Data block:
————————

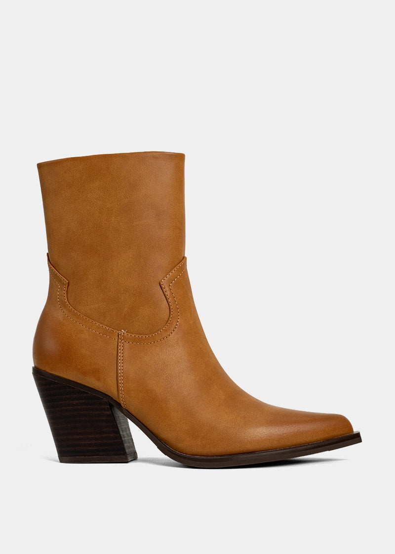 A bold icon in warm camel tones.VICTORIA is made to elevate you. This square-toe western boot brings structure and attitude to your look with its sharp lines, flared block heel, and rich faux leather. The mid-calf silhouette pairs perfectly with flowy skirts, structured trousers, or your favorite denim for an effortless statement. Elevate your everyday with a boot that walks the line between classic Western and modern cool.
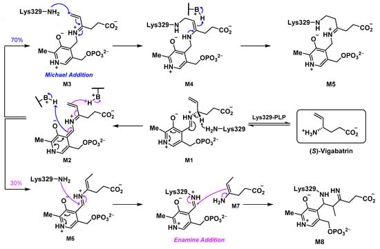 To date, vigabatrin (VGA, γ-vinyl-GABA, Scheme 1) is the only FDA-approved GABA-AT inhibitor for the treatment of infantile spasms that acts as a mechanism-based inactivator (MBI) [3,8]. MBIs initially react in a similar manner to substrates in the active site of the targeted enzymes and are converted into an activated species, which usually leads to inactivation either by covalent bond formation or tight-binding inhibition [9]. Mechanistic and crystallographic studies have demonstrated that 70% of vigabatrin inactivation of GABA-AT occurs through a Michael addition pathway: after deprotonation (M1 to M2) and tautomerization (M2 to M3) steps, electrophile M3 reacts with the catalytic Lys329 residue in GABA-AT to form a covalent bond (M4 and M5). Thirty percent of vigabatrin’s inactivation occurs via tautomerization of the vinyl group (M2 to M6); an attack by Lys329 generates enamine intermediate M7. This reacts with the internal PLP–Lys329 aldimine, leading to inactivated complex M8 (Scheme 1) [10].
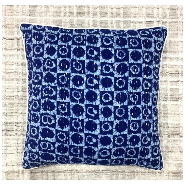 Rugsville Liam Dot Indigo Print Kantha Pillow cover 16" x 16"

————————

Instructions for the task: Pictures are not part of the copy. Please reproduce the material word for word.

Solved problem:
 A bold icon in warm camel tones.VICTORIA is made to elevate you. This square-toe western boot brings structure and attitude to your look with its sharp lines, flared block heel, and rich faux leather. The mid-calf silhouette pairs perfectly with flowy skirts, structured trousers, or your favorite denim for an effortless statement. Elevate your everyday with a boot that walks the line between classic Western and modern cool.
 To date, vigabatrin (VGA, γ-vinyl-GABA, Scheme 1) is the only FDA-approved GABA-AT inhibitor for the treatment of infantile spasms that acts as a mechanism-based inactivator (MBI) [3,8]. MBIs initially react in a similar manner to substrates in the active site of the targeted enzymes and are converted into an activated species, which usually leads to inactivation either by covalent bond formation or tight-binding inhibition [9]. Mechanistic and crystallographic studies have demonstrated that 70% of vigabatrin inactivation of GABA-AT occurs through a Michael addition pathway: after deprotonation (M1 to M2) and tautomerization (M2 to M3) steps, electrophile M3 reacts with the catalytic Lys329 residue in GABA-AT to form a covalent bond (M4 and M5). Thirty percent of vigabatrin’s inactivation occurs via tautomerization of the vinyl group (M2 to M6); an attack by Lys329 generates enamine intermediate M7. This reacts with the internal PLP–Lys329 aldimine, leading to inactivated complex M8 (Scheme 1) [10].
 Rugsville Liam Dot Indigo Print Kantha Pillow cover 16" x 16"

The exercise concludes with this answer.